Basicamente ela havia dito que seu pai só iria bater nele e sim, ela não iria dizer uma palavra contra o mais velho, mesmo ele espancando um de seus filhos. É como se aquele tipo de comportamento fosse normal.

— Você tá escutando o que você tá falando? — ele não pôde acreditar no que ouviu. — Está sugerindo que o problema sou eu? Que aquele maldito está certo em me espancar?

— Mais respeito com seu pai! — ela elevou o tom.

— Mais respeito um caralho! — gritou, batendo com o braço que não estava machucado na mesa. — Ele quebrou meu braço e quase fez o mesmo com minhas DUAS pernas! Eu tive que ficar três dias no hospital, TRÊS!

— Se não ficar calado e ter mais respeito comigo, eu termino o que ele começou! — gritou, se pondo na frente de seu filho e o encarando.

Finalmente sua mãe estava mostrando sua real face. Ela sempre o tratou com amor, mas pelo visto tudo passava de uma mentira.

— Parabéns, Délia! — ironizou. — Você é uma ótima mãe!

— Eu estou te avisando... — murmurou, prestes a explodir. — Você é filho e me deve respeito! A mim e ao seu pai!

— Realmente, os dois são um par perfeito! Um par de lixos! — com algumas conversas que teve com seu pai depois do ocorrido, aprendeu bem como ofender alguém.

— Seu maldito! — Délia virou um tapa na cara de Kevin, que já esperava tal atitude.

Mas aquilo mal fez efeito no garoto. Ele estava á mil, a adrenalina percorria todo seu corpo. Lembrou das palavras de seu pai.

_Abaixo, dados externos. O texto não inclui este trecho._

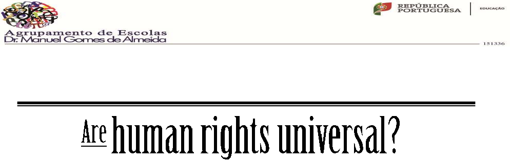 Nome: __________________________________________No. ___________ 11º:2 Data: ____/ 11/16 Classificação: ________________________ A Profª.: _________________O E.E.: _______________ English Test - Year 11 – November 2016 Shashi Tharoor * answers some frequently asked questions Universal Declaration of Human Rights is half a century old, but critics are still asking whether anything in our multicultural, diverse world can be truly universal. Some ask, isn’t human rights an essentially Western concept, ignoring the very different cultural, economic and political realities of the South? Can the values of the consumer society be applied to societies that have nothing to consume? Isn’t talking about universal rights rather like saying that the rich and the poor both have the same right to fly first-class and to sleep under bridges? At the risk of sounding frivolous: when you stop a man in traditional dress beating his wife, are you upholding her human rights or violating his? The fact is that there are serious objections to the concept of universal human rights. The first is philosophical. All rights and values are defined and limited by cultural perceptions. There is no universal culture, therefore there are no universal human rights. Some philosophers have objected that the concept is founded on an individualistic view of people, whose greatest need is to be free from interference by the state. Non-Western societies often have a communitarian ethic which sees society as more than the sum of its individual members and considers duties to be more important than rights. In Africa it is usually the community that protects and nurtures the individual: ‘I am because we are, and because we are therefore I am.’ Then there is the usual North/South argument. The Universal Declaration was adopted at a time when most Third World countries were still under colonial rule. ‘Human rights’ are only a cover for Western intervention in the affairs of the developing world. Developing countries, some also argue, cannot afford human rights since the tasks of nation-building and economic development are still unfinished. Many also object to specific rights which they say reflect Western cultural bias: the right, for instance, to political pluralism, the right to paid vacations (always good for a laugh in the sweatshops of the developing world) and, most troublesome of all, the rights of women. How can women’s rights be universal in the face of widespread divergences of cultural practice, when in some societies marriage is seen not as a contract between two individuals but as an alliance between lineages? In addition, some religious leaders argue that human rights can only be acceptable if they are founded on transcendent values of their faith, sanctioned by God. The Universal Declaration claims no such heritage – a draft reference to the Creator was consciously left out of the final text. How can one respond to these objections? Concepts of justice and law, the legitimacy of government, the dignity of the individual, protection from oppressive or arbitrary rule and participation in the affairs of the community are found in every society on the face of this earth. The challenge of human rights is to identify the common denominators rather than to throw up one’s hands at the impossibility of universalism. * Shashi Tharoor is the author of five books of fiction and non-fiction, including The Great Indian Novel and, most recently, India: From Midnight to the Millennium. He is a senior UN official in the Office of Secretary-General Kofi Annan. In New Internationalist, issue 332, March 2001, abridged The iSLCollective.com I. A. FIND EVIDENCE in the text for the statements below: (24 pontos) 1. African societies highlight the role of community. 2. The concept of human rights can’t be implemented in developing countries. 3. The Universal Declaration of Human Rights is beyond any religious perspectives. 4. The call is to look for the shared traits of the Declaration. B. Explain the meaning of the expressions from the text: (36 pontos) 1. At the risk of sounding frivolous… (2nd p.) 2. The fact is that there are serious objections… (3rd p.) 3. ‘Human rights’ are only a cover for Western intervention in the affairs of …. (5th p.) 4. ... always good for a laugh in the sweatshops of the developing world…(6th p.) C. FIND EQUIVALENTS for the following words (between the 2nd and 6th paragraphs of the text). (20 pontos) 1. backing - 2. supports - 3. prejudice - 4. general - 5. ancestry – D. Who/ what do these words refer to? (20 pontos) 1. our - ________________________ 2. his - ________________________ 3. her - ________________________ 4. first - ______________________ 5. whose - ____________________ E. Over to you. - Write no more than 50 words. (30 pontos) “Are Human Rights universal?” Express your point of view on the matter. II. A. REWRITE the next sentences, beginning them as suggested. Do not change the original meaning. (30 pontos) 1. Developing countries cannot afford human rights since the tasks of nation-building and economic development are still unfinished. Human rights __________________________________________________________ 2. Western Countries established the UDHR because they feared another World War. If ___________________________________________________________________ 3. Third World countries were under colonial rule so they couldn’t express their opinion on the UDHR. If ____________________________________________________________________ iSLCollective.com 4. Shashi Tharoor demanded reparation payments from the UK to India over 200 years of colonial rule. The UK ________________________________________________________________________ 5. People agree that our world is very diverse. It _____________________________________________________________________________ 6. People believe that African societies highlighted the role of community. African societies ______________
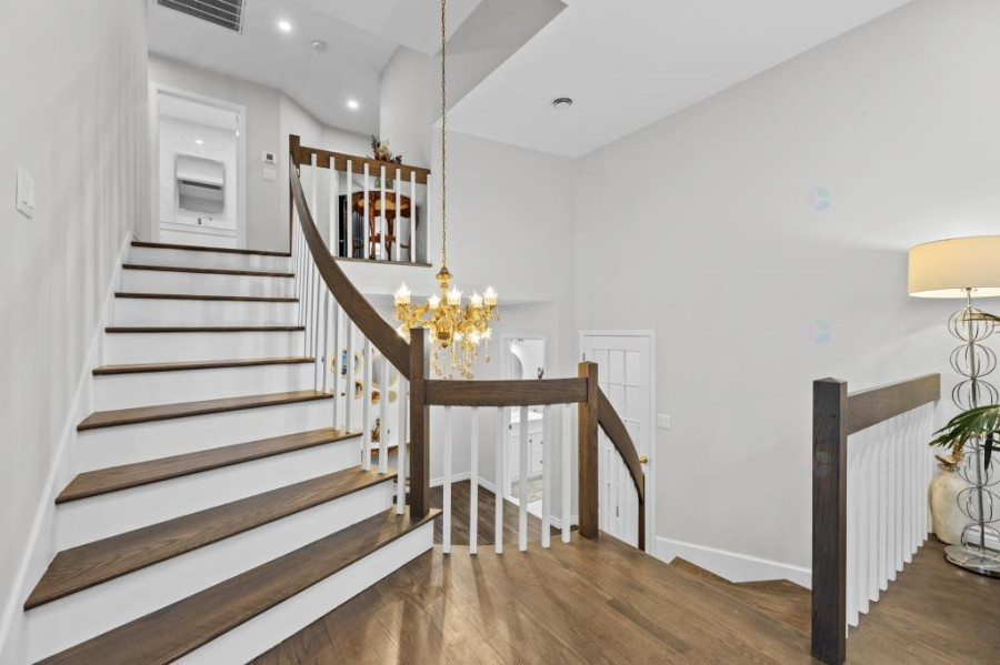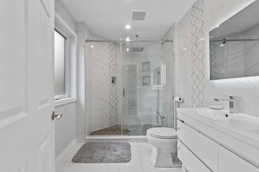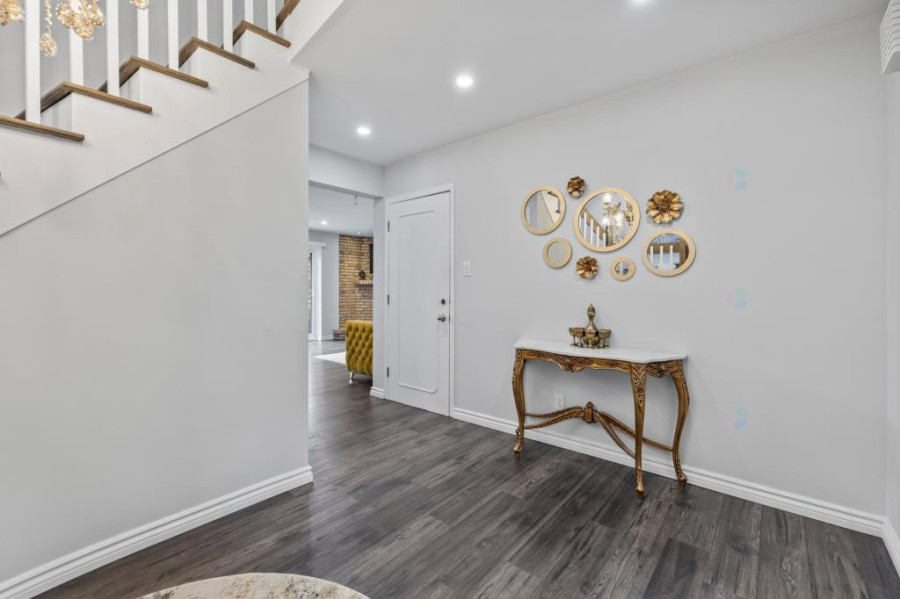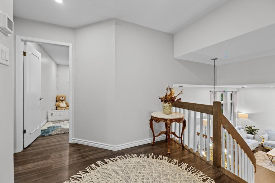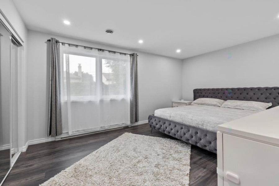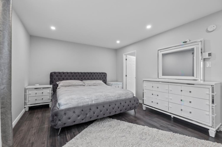 二楼设有三间卧室,其中主卧配有步入式衣帽间与全翻新的套内卫浴,装修简洁现代。其余两间卧室面积方正,共用另一间全新家庭浴室,整体空间布局合理,功能分区明确,适合家庭成员独立使用。地下层已全面装修,设有大型娱乐区、办公室/第四卧室及完整浴室,灵活适应不同家庭需求,可作为影音室、游戏区或访客套房使用。车库为1.5倍宽设计,提供额外储物空间,出入便利。

"Eu vou te tornar um monstro."

— Já que vocês querem tanto que eu me torne uma pessoa ruim... — cerrou o punho, juntando toda a força em seu braço direto, se preparando para fazer o que nunca imaginou que faria um dia.

Com isso, ele desferiu o soco mais forte que ele poderia dar, direto no rosto daquela que lhe deu a luz.

O soco foi tão forte e carregava tanta raiva que instantaneamente a mulher caiu por cima da mesa.

— Dorme, vagabunda! — deu um sorriso macabro.

A mulher não fez mais nada, apenas ficou olhando o garoto saindo de casa.

Saiu de lá correndo, rumando á casa de seu tio, que também morava em Viridian. No meio do caminho, encontrou o conhecido gerente da clínica veterinária que havia deixado seu Growlithe.

Ele pegou a Poké Bola e cumprimentou o homem, fingindo que estava tudo bem. Agora, ele só precisava ir até a casa do seu tio e se fazer de vítima.

Correu o mais rápido que pôde até a casa do irmão de sua mãe, que ao contrário dela e de seu pai, era uma pessoa boa e que nunca o maltratou, muito pelo contrário.

Quando abriu a porta, encenou um choro. Seu tio se levantou do sofá assustado, indo até ele.

— Kevin! — ele se ajoelhou na frente de seu sobrinho, preocupado. Kevin se sentiu um pouco mal por enganar seu tio, mas já não tinha mais volta.

Ele abraçou Mark com força, chorando.

— Eu não quero mais ficar lá tio! Ela é um monstro!

— A Délia? — ele perguntou.

— Sim. Ela me bateu!

— Eu vou conversar com ela! — irritado, Mark se desvencilhou do abraço. — Sua tia está aí. Não se preocupe, daqui a pouco eu volto com suas coisas, a partir de hoje você mora aqui!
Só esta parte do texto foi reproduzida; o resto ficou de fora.